* **Exercise**:
Once "8月28日,为庆祝中华人民共" turns up in a line below, reproduce that line and those after it exactly, stopping after the line with "3.前中后冷烫,定位烫,局部烫,可同步完成,且烫金效果好,速度快"; leave pictures out.

* **Information supplied**:
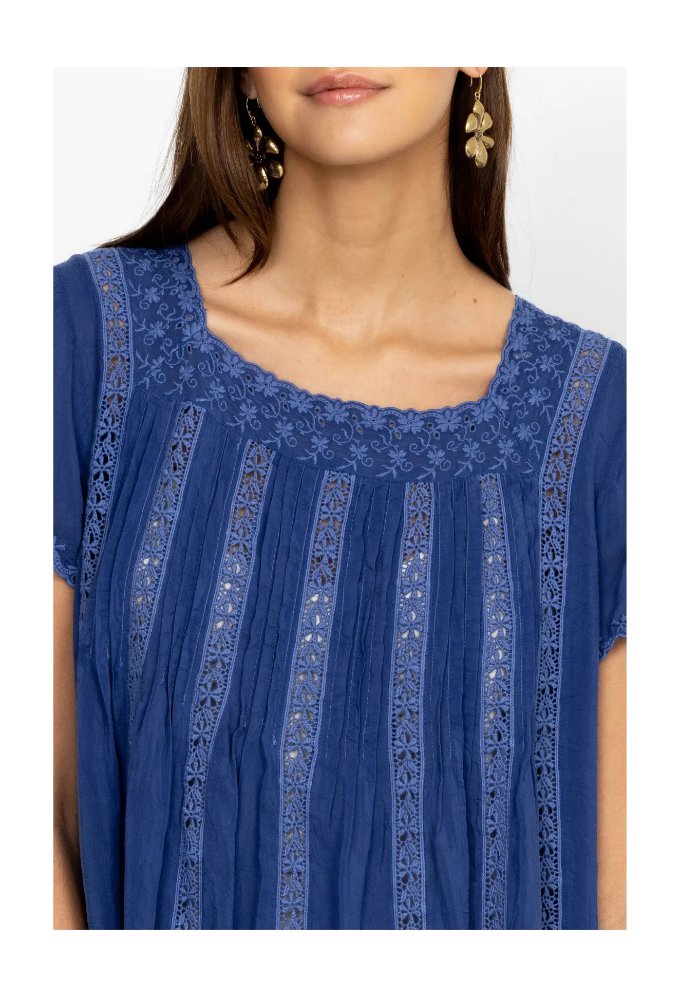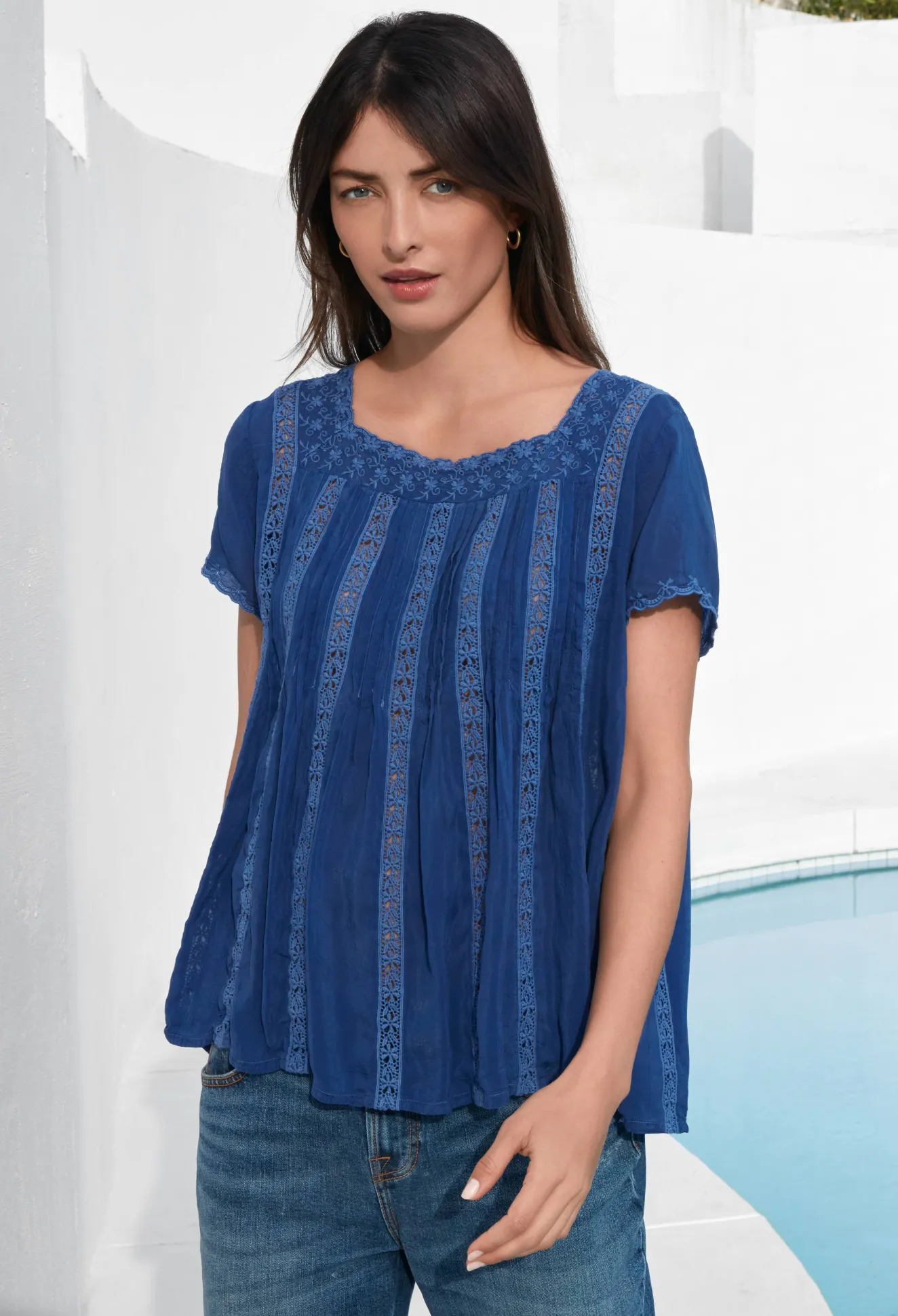 Steeped In Romance, The Brigita Blouse Fuses A Feminine Aesthetic With Delicate Design Details. Cut In A Straight Fit, This Blouse Is Enhanced By Intricate Trims Along The Edges Complete With Matching Vertical Trims And Pleats Through The Body. Keep This Elegant Blouse As The Main Focus By Pairing With Plain Pants Or A Plain Maxi Skirt.
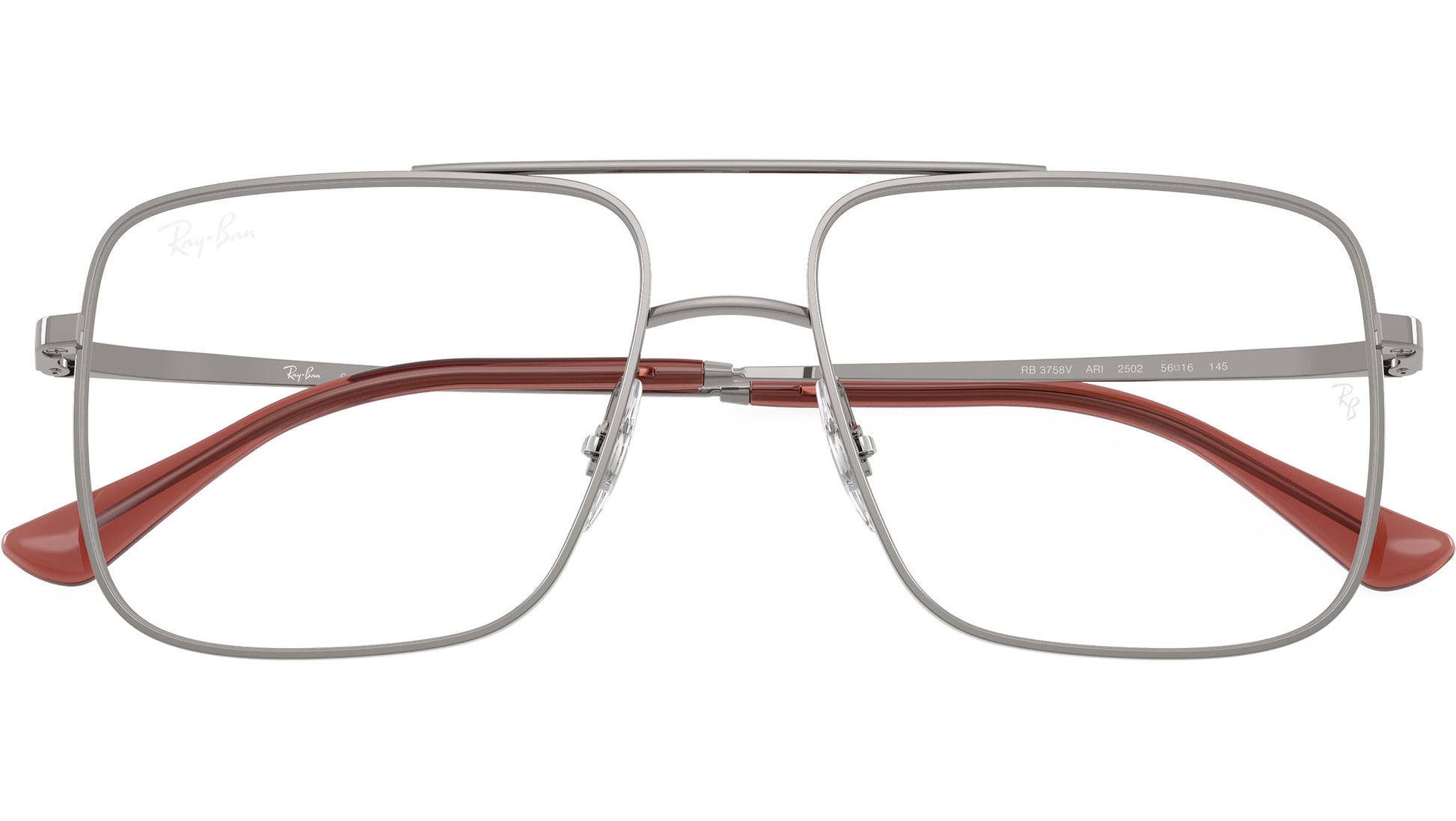 Ray-Ban Ari RB3758V 2502 glasses for men and woman, featuring gunmetal squared metal frame and demo lens. Adjustable nosepads. Brand line: Nowness. Style code: 0RX3758V. Color code: 2502. Authorized Ray-Ban online reseller. Your glasses will include the original case and accessories and are covered by a 12-month global warranty.
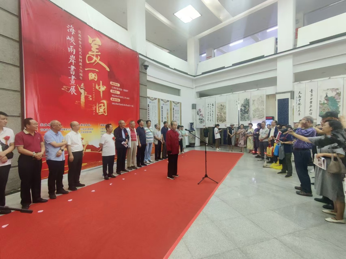 8月28日,为庆祝中华人民共和国成立75周年,由甘肃省台办主办,兰州文化联谊会、兰州市图书馆承办的 “美丽中国—海峡两岸书画作品展”在兰州开展。本次展览旨在通过书画作品展示祖国的大好河山,展现出中华民族的文化底蕴和精神风貌,促进海峡两岸文化交流与合作,增进两岸同胞的心灵契合,共同推动中华文化的传承发展。
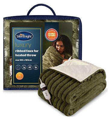 Silentnight Luxury Ribbed Faux Fur Heated Throw 9 Heat Settings Olive Green
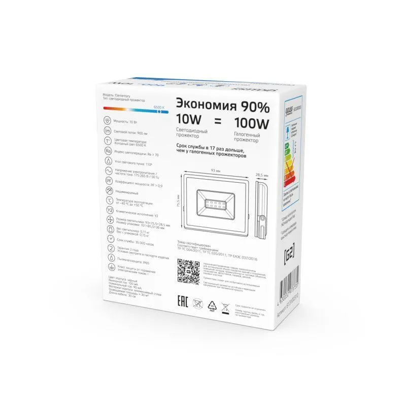 | Световая отдача лампы | 90 лм/Вт | |
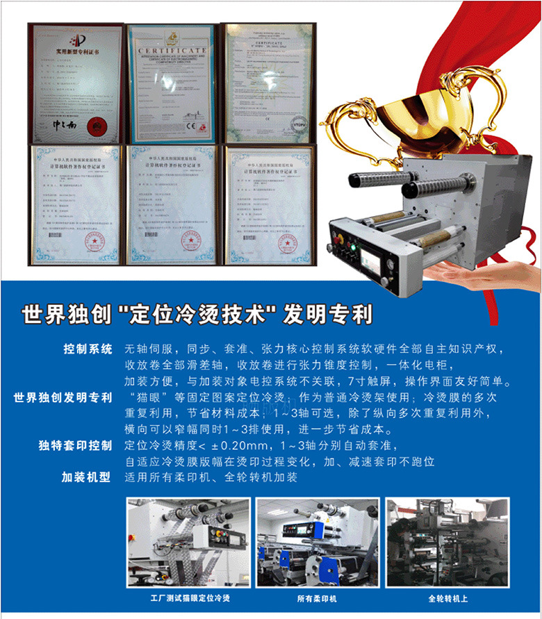 3.前中后冷烫,定位烫,局部烫,可同步完成,且烫金效果好,速度快
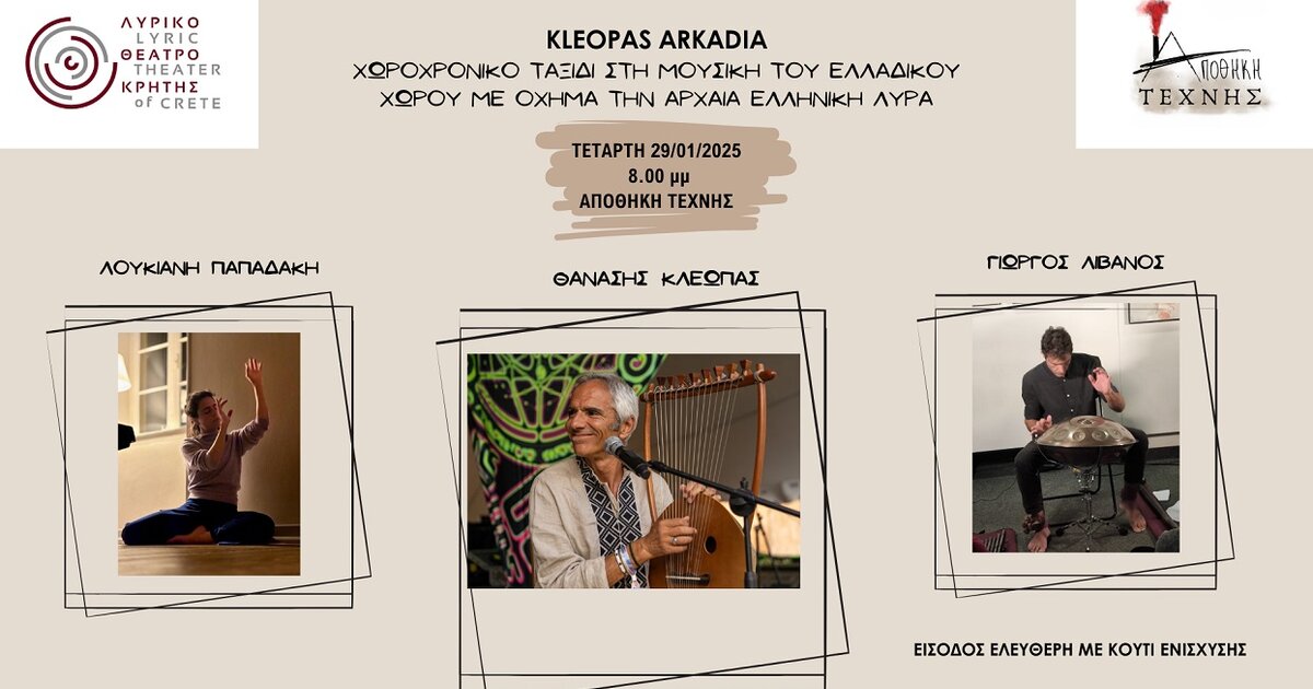 Το Λυρικό Θέατρο Κρήτης και ο καλλιτεχνικός Πολυχώρος Αποθήκη Τέχνης παρουσιάζουν, αύριο Τετάρτη 29/01/25 στις 8.00μμ την παράσταση "KLEOPAS ARKADIA".
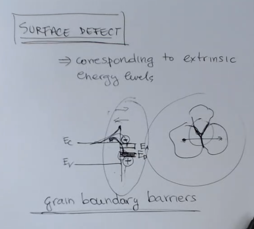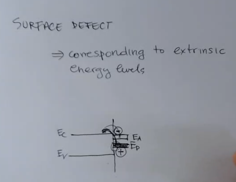 - You can represent a surface defect as a difference in energy levels, here you can see a normal intrinsic silicon represented by and and attached to it an imperfection in the extrinsic silicon, it is represetned as a doped silicon with and the acceptor energy level and donor energy level.
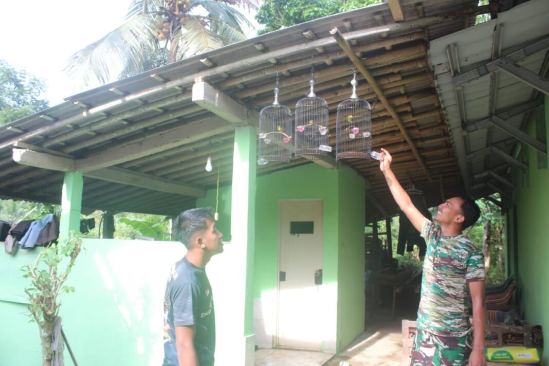 Kebumen — Di tengah padatnya aktivitas pembangunan dalam program TMMD Reguler ke-127 Kodim 0709/Kebumen, suasana hangat dan penuh keakraban terlihat di lokasi kegiatan. Salah satu anggota Satgas, Pratu Danang, membawa burung pleci peliharaannya sebagai hiburan sederhana bagi rekan-rekan prajurit setelah seharian berjibaku menyelesaikan sasaran fisik.
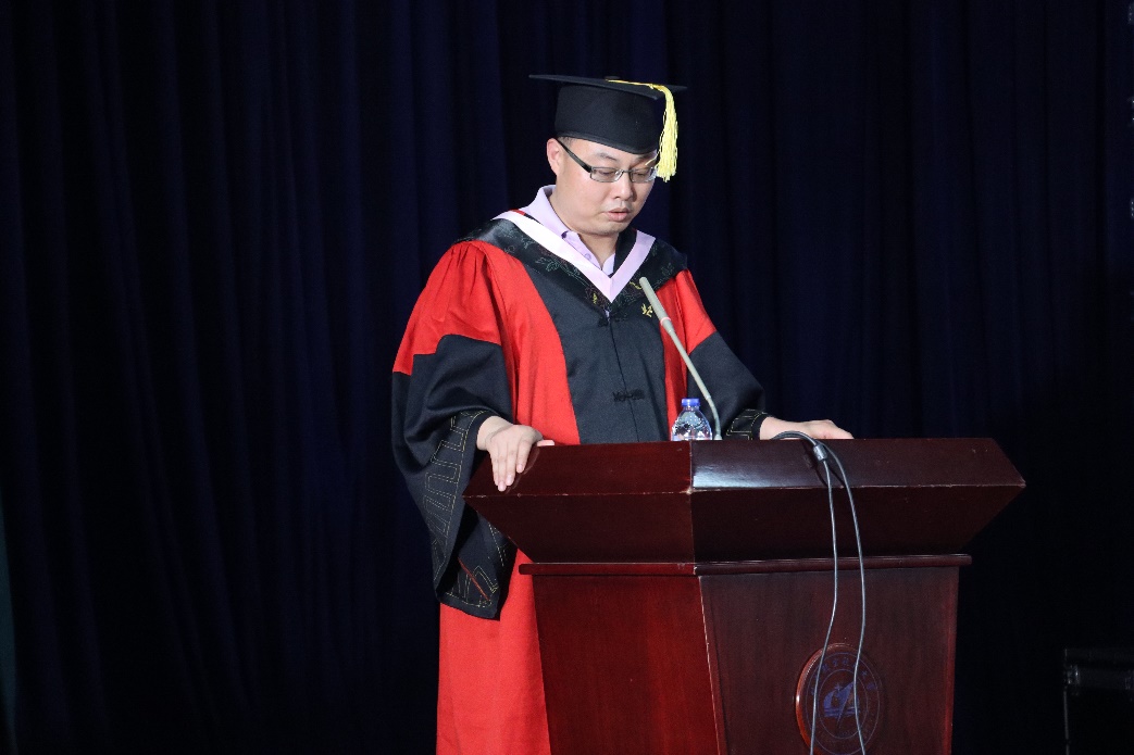 教师代表赵精武老师寄语毕业生,每个人对幸福生活都有自己的定义,要过自己喜欢的生活,成为自己的喜欢的样子。他用三句话叮嘱毕业生,“努力的劲头不是内卷,而是幸福”“毕业的尽头不是工作,而是自主学习”“分别的尽头不是再也不见,而是好久不见”,勉励大家做一个幸福的人。赵老师同时讲到,学院教给了大家知行合一的人生信条、法治天下的胸怀抱负、心怀国之大者的担当使命,即将奔赴行程大海,希望毕业生握好时代的接力棒,书写航法人的青春无悔。
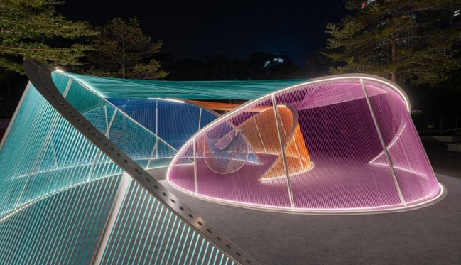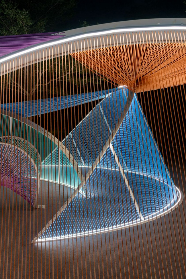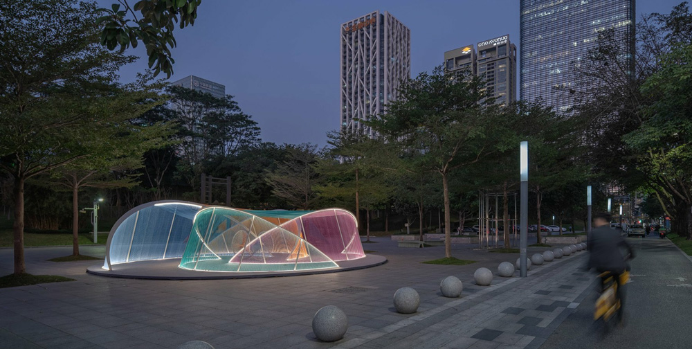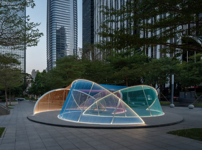Designboom_ At the invitation of 2023 Glow Shenzhen Organizing Committee, MARS Studio designed a vibrant set of installations to illuminate Futian District Citizen Square. Isle of Light is composed of four curved steel structures with staggered heights and ups and downs, unravelling in a spiralling semi-enclosed form. The frame intricately weaves strings into a thin and hazy display surface, forming a miniature ‘urban island’ set against the dynamic backdrop of light and shade.
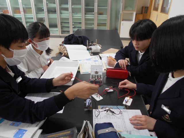 3組理科は電気回路の学習をしています。直列回路と並列回路、それぞれに流れる電流を電流計で測定していました。
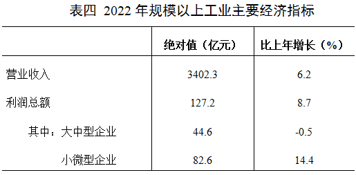 全年規(guī)模以上工業(yè)實現(xiàn)營業(yè)收入3402.3億元,比上年增長6.2%;實現(xiàn)利潤127.2億元,增長8.7%,其中:九大主要行業(yè)實現(xiàn)利潤110.2億元,占全部規(guī)模以上工業(yè)的86.7%。
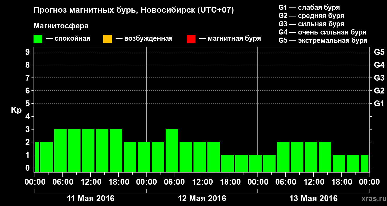 Прогноз магнитных бурь в Новосибирске — 11 мая 2016 года
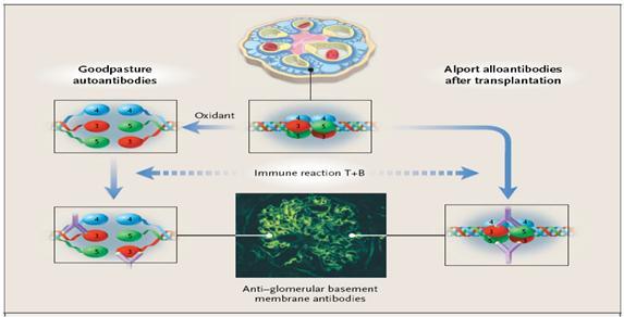 Approximately 3-5% of patients with Alport’s syndrome develop de novo anti-glomerular basement membrane (GBM) disease in the transplanted kidney. Alport’s syndrome is a genetic disorder that results from mutations in the genes encoding the alpha-3, alpha-4, or alpha-5 chains of type IV collagen. Following transplantation, recipients can become alloimmunized and develop antibodies to the normal chains of type IV collagen in the basement membrane of the donor kidney (hence, the linear pattern of staining noted on IF). Treatment is not standardized, but generally consists of plasmapharesis, +/- cyclophosphamide and steroids. Long-term allograft survival is poor and re-transplantation carries a high risk of anti-GBM recurrence. For the boards, remember the post-transplant association between Alport’s syndrome and de novo anti-GBM disease.

* **Reply**:
 8月28日,为庆祝中华人民共和国成立75周年,由甘肃省台办主办,兰州文化联谊会、兰州市图书馆承办的 “美丽中国—海峡两岸书画作品展”在兰州开展。本次展览旨在通过书画作品展示祖国的大好河山,展现出中华民族的文化底蕴和精神风貌,促进海峡两岸文化交流与合作,增进两岸同胞的心灵契合,共同推动中华文化的传承发展。
 Silentnight Luxury Ribbed Faux Fur Heated Throw 9 Heat Settings Olive Green
 | Световая отдача лампы | 90 лм/Вт | |
 3.前中后冷烫,定位烫,局部烫,可同步完成,且烫金效果好,速度快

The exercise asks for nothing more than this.